• Data
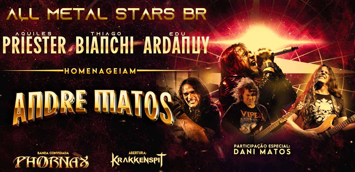 Março de 2026 marcará um momento memorável para o Heavy Metal Nacional. A inédita turnê “All Metal Stars BR” reunirá três gigantes da cena brasileira, Aquiles Priester, Thiago Bianchi e Edu Ardanuy, para homenagear o legado de Andre Matos, um dos maiores vocalistas da história da música pesada mundial.
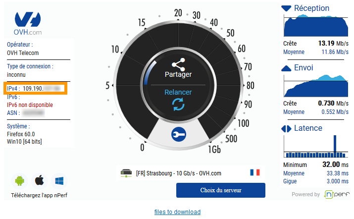 Une fois cette opération effectuée depuis un ordinateur, vous aurez la possibilité de tester l'attribution de nouvelles adresses IP en réalisant un test de débit depuis notre site http://ovh.net/. À la fin, celles-ci apparaîtront à côté de IPv4 à gauche.
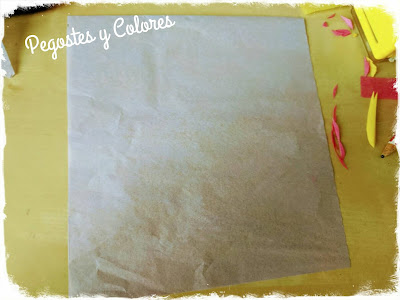 1.- Colocamos el papel de forma que la base sea de 17 cm y la altura de 18 cm. Esto es porque ese cm extra nos va a servir para pegar el papel en un cordel. Las medidas que quieran hacer estan bien siempre dejando un cm extra en la altura,
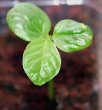 Behandlung: Samen wurden ca. drei Tage lange in Orangensaft (nicht wechseln) eingelegt und danach ca. 1/2 cm tief in Anzuchterde eingepflanzt.
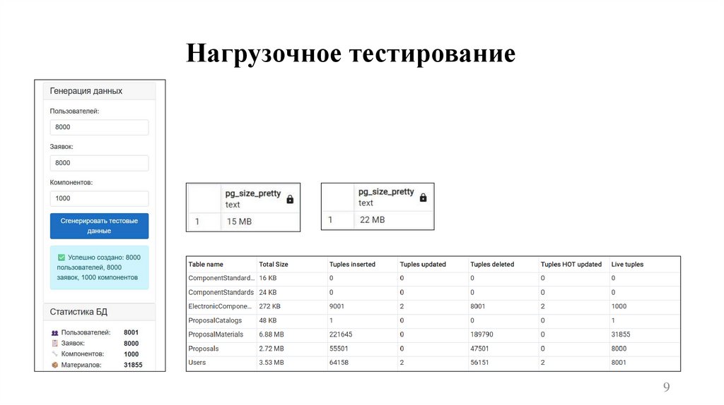компонентов системы. Выполнено нагрузочное тестирование с генерацией
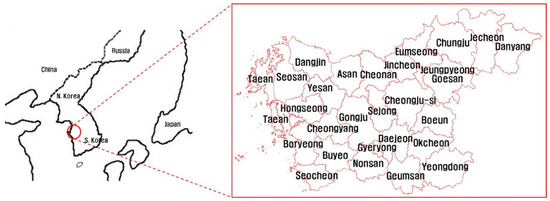 This study targeted the Midwest region of the Republic of Korea, including Daejeon Metropolitan City, Sejong Special Self-Governing City, Chungnam Province, and Chungbuk Province. The area consists of 28 cities and gun (districts or counties in Korea), including two municipalities, 11 cities, and 15 gun (see Figure 3). The advantage of the area is that it provides various geographical environments to select flood risks because it encompasses large cities, small and medium cities, coastal cities, mountainous regions, and rural areas.
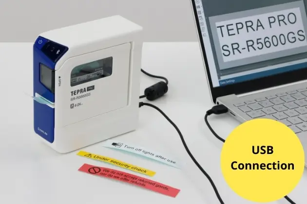 The SR-R5600GS offers two connection options: USB and Bluetooth. Whether you're using a Windows PC or an iOS/Android device, you can create high-quality, customized labels with ease and flexibility.
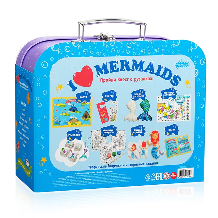 Большой увлекательный набор надолго займет вашего ребенка, ведь в нем содержатся развлечения на любой вкус. Можно пройти квест и помочь русалкам, найти настоящий клад, сделать красивое украшение, оформить праздничные открытки и сшить мягкую игрушку.

• Task description
From the listing above, repeat only the lines between the line containing "This study targeted" and the line containing "The SR-R5600GS offers", those two included. Pictures are not part of the copy.

• Output for this task
 This study targeted the Midwest region of the Republic of Korea, including Daejeon Metropolitan City, Sejong Special Self-Governing City, Chungnam Province, and Chungbuk Province. The area consists of 28 cities and gun (districts or counties in Korea), including two municipalities, 11 cities, and 15 gun (see Figure 3). The advantage of the area is that it provides various geographical environments to select flood risks because it encompasses large cities, small and medium cities, coastal cities, mountainous regions, and rural areas.
 The SR-R5600GS offers two connection options: USB and Bluetooth. Whether you're using a Windows PC or an iOS/Android device, you can create high-quality, customized labels with ease and flexibility.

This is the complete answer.